Transport Secretary Philip Hammond said the current limit, introduced in 1965, was out of date due to "huge advances in safety and motoring technology".

The consultation begins this year with a view to raising the limit in 2013.

The Department for Transport says as many as 49% of drivers flout the current 70mph limit.

It says advances in technology have made cars much safer, contributing to a drop of more than 75% in the number of people killed on British roads since the 70mph limit was introduced.

As a result, it says it is time to look again at whether the current limit is "still appropriate".

But road safety charity Brake said it was opposed to any policy which could increase deaths on the road.

Start Quote

What about enforcement? If police follow existing guidelines, many people could do 90mph before action is taken”

End Quote Prof Stephen Glaister RAC Foundation
'Fast lane'

Mr Hammond said England and Wales' roads "should be the arteries of a healthy economy".

He added: "Now it is time to put Britain back in the fast lane of global economies and look again at the motorway speed limit which is nearly 50 years old, and out of date thanks to huge advances in safety and motoring technology.

"Increasing the motorway speed limit to 80mph would generate economic benefits of hundreds of millions of pounds through shorter journey times."

Mr Hammond also said that motoring technology has "moved on enormously" from when the original limit was introduced.

"Cars are much safer, they have more sophisticated equipment now than they did 40 or so years ago. They are capable of driving safely at higher speeds. There are enormous economic benefits to be had by increasing the speed limit and shortening journey times.

"And the current limit has lost its legitimacy.

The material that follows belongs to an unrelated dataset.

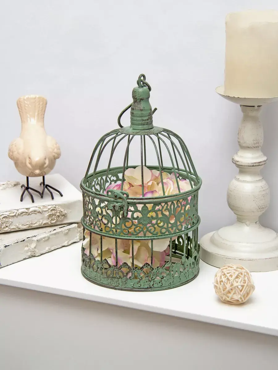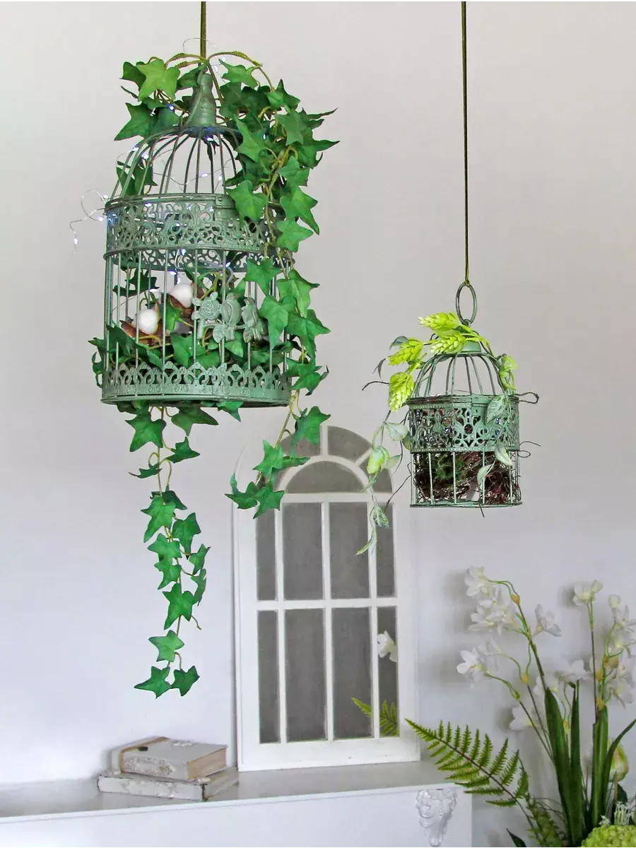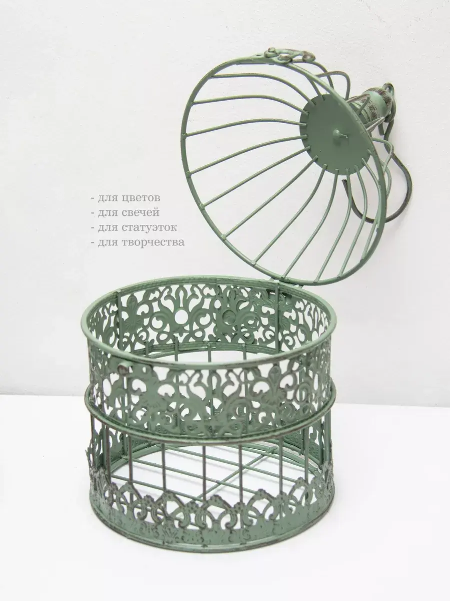 Клетка декоративная для подвешивания растений 35*19,5 см. В клетку можно поставить кашпо для растений или искусственные цветы. Интерьерную клетку можно использовать как держатель для кашпо, как подсвечник или декор на полке. Для декора интерьера используйте декоративные клетки, их можно дополнить светодидодами, свечами на батарейках и цветами. Декоративные подвесы на летней террасе, в кафе или на кухне создадут романтический интерьер. Используйте подвесной декор для украшения окон и балконов. Декоративная металлическая клетка как декор на полку для украшения интерьера в стиле прованс. Размер клетки 18,5*10 см. Клетка может стоять на столике, подоконнике или подвешиваться за кольцо на крышке. Подойдет для миниатюрного горшочка с живыми цветами, статуэтки, искусственного растения, свечей.
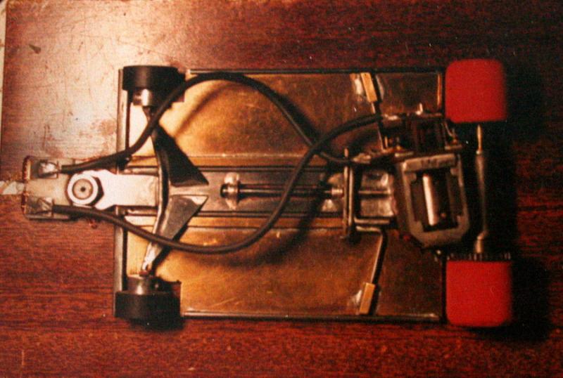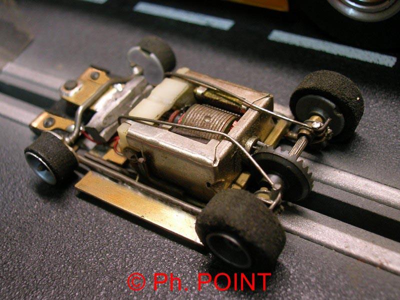 Par contre attention, je ne pense pas qu'on puisse faire tourner ce type de chassis sur des pistes plastique. - Il faudrait remplacer le guide ( beaucoup plus profond que sur les voitures actuelle ) - La puissance du moteur. Je ne sais pas si l'alimentation des pistes actuelles suffirait. A mon époque on fonctionnait avec des batteries de voitures. - La résitance de la poignée qui aujourd'hui est de 45 homs il me semble. Pour le type de moteur dans ces vehicules il fallait du 4 homs. Et là je ne parle que de la catégorie production. Il faut totalement oublier la catégorie sport Europe ou F1.

We all know that many, many motorists who are otherwise law-abiding citizens routinely ignore the 70 miles per hour limit."

Mr Hammond also said he did not think the rise would have a "significant impact on safety".

He added: "The experience in other countries where the limit has been raised, is that actually, the average increase in speed is really, very small.

"What we are doing here, is bringing a lot of drivers who currently, routinely break the speed limit, back on the right side of the law - and that has to be a good thing."

'Empty gesture'

The government says road safety remains a priority, and says it is taking action to tackle uninsured drivers and driving under the influence of alcohol or drugs.

European motorway limits

  • France- 130km/h (81mph)
  • Germany - 130km/h (recommended maximum)
  • Italy - 130km/h
  • Spain - 120km/h (75mph)
  • Portugal - 120km/h
  • Sweden - 110km/h (68mph)
  • Denmark - 110km/h


BBC political correspondent Vicki Young said there had been some concerns within the cabinet about the change - Health Secretary Andrew Lansley is said to be concerned about road safety and and Energy Secretary Chris Huhne was worried about the pollution impact.

Professor Stephen Glaister, director of the RAC Foundation, said: "There are good reasons for making 80 the new 70, and good reasons not to. Drivers travelling that 10mph quicker might reach their destination sooner but will use about 20% more fuel and emit 20% more CO2.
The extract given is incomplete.